In the space-age 1960s, technology made it possible for humans to observe the planet at close quarters: in 1964, NASA’s Mariner 4 spacecraft undertook the first successful fly-by exploration, zapping the first close-up photographs back to Earth. In 1976, NASA’s two Viking space probes mapped vast tracts of the Martian surface, observing that floods once carved deep river valleys and charting weather patterns. But experiments to detect signs of living organisms in soil samples proved fruitless.

Yet conjecture about life on Mars thrilled many in the 1970s. David Bowie’s song Life on Mars from his 1971 album Hunky Dory yearningly asks: “Is there life on Mars?”, its sense of mystery accentuated by its surreal lyrics. The following year, Bowie adopted the persona of Ziggy Stardust – a fictional, androgynous rock star who acts as a messenger for extra-terrestrials, while his backing singers were called the Spiders from Mars.

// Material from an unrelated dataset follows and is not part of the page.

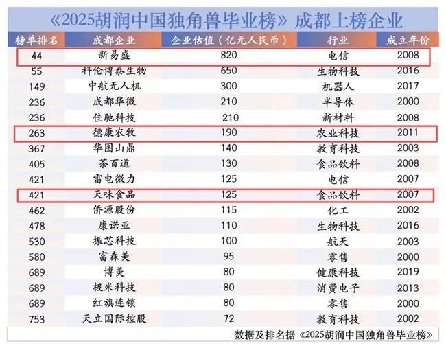 近日,胡润研究院首次发布《2025胡润中国独角兽毕业榜》,列出了中国成立于2000年之后、价值超过10亿美元的上市企业。在全国796家上榜企业中,成都双流区有3家企业,分别是新易盛、德康农牧和天味食品。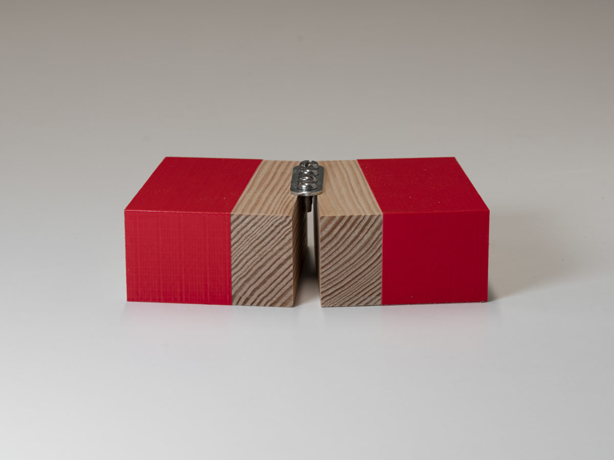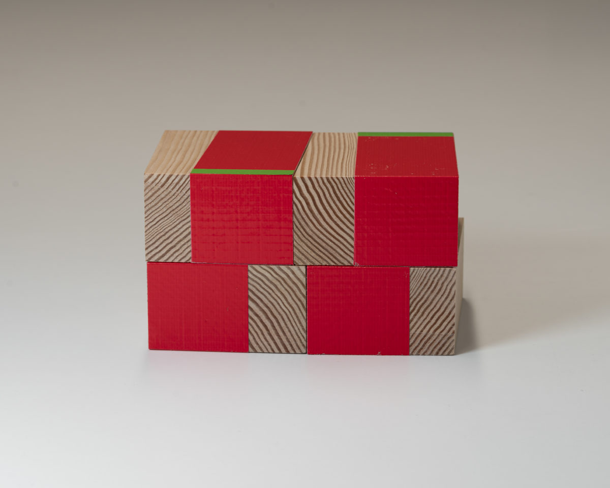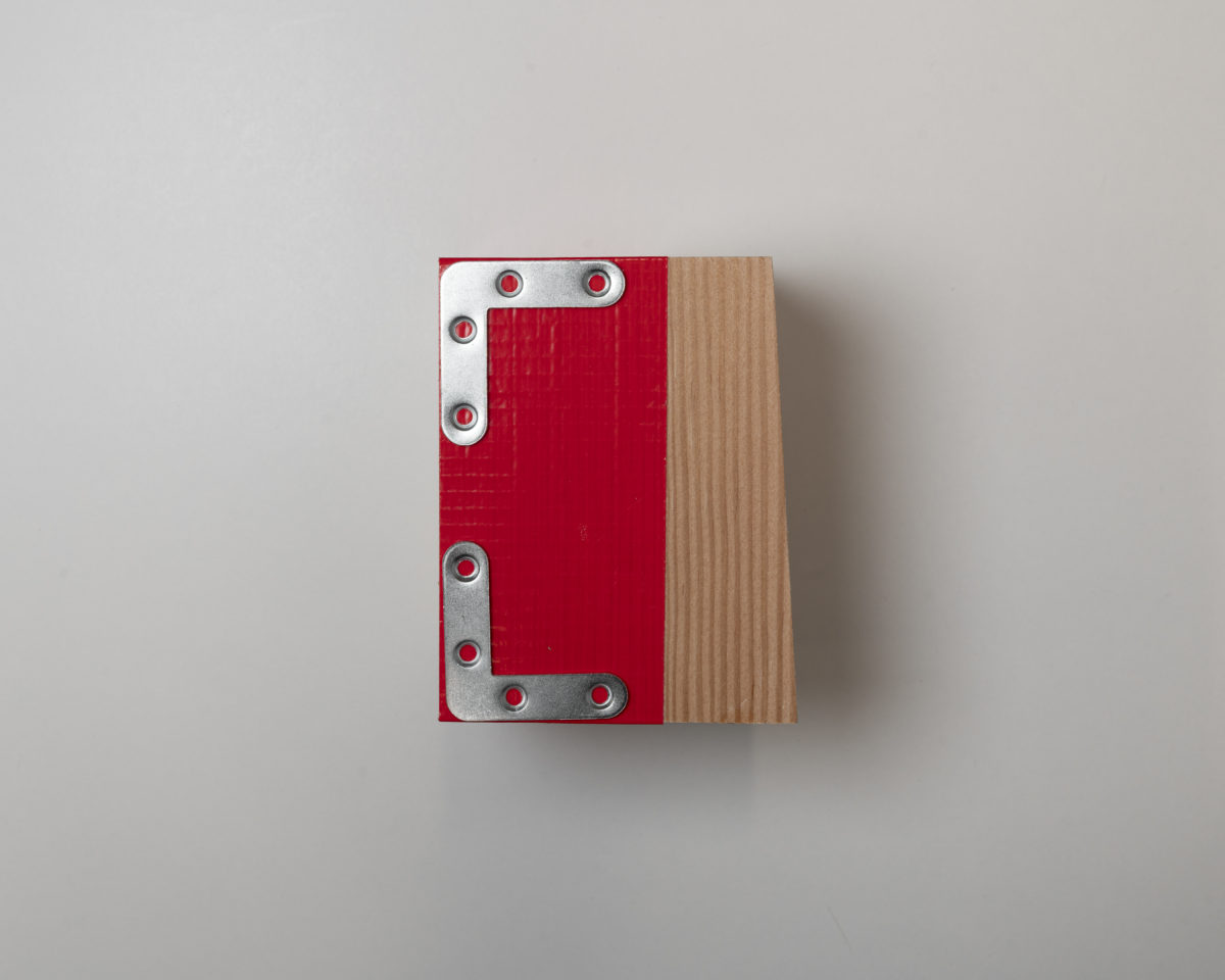 Interval_s consists of 14 identically sized blocks of soft wood, red gaffer tape and various metal fixings. The works are displayed individually or grouped according to conditions of viewing. Overlaying a 1:1 scale floor plan of one building into another the works are placed at points where the spaces intersect. In Lundskonsthall a plan of Eileen Grays house E1027 is drawn upon to activate this dispersal, opening up unexpected and hidden aspects of the gallery and bringing into play a questioning of the conventions of scale between domestic and institutional spaces.

Futuristic visions of Mars dreamt up in the past aren’t totally irrelevant today, argues Stephen James O’Meara. “It will be important for dwellings on Mars to be space-saving. Beds that automatically fold up like the ones in cartoon The Jetsons have a place there.” Otherwise, he sees Martian dwellings resembling “a pie chart”: “They would be sliced into offices, laboratories, tool sheds, rover garages.”

“Architects are also exploring greenhouse ideas, like biodomes [dome-shaped structures enclosing eco systems],” he adds. “Plants generate oxygen which helps scrub out high CO 2 levels on Mars. Interiors need to be soothing, pleasing to the eye. They need to cut out angles to minimise accidents and conserve precious medical supplies. And it will be important to take into account cultural differences on Mars – should there be minimalist Japanese rooms not just cluttered British interiors? Psychology is an important consideration, too: astronauts work as a team so hierarchical, rectangular tables should be avoided in favour of democratic, round, Arthurian ones.”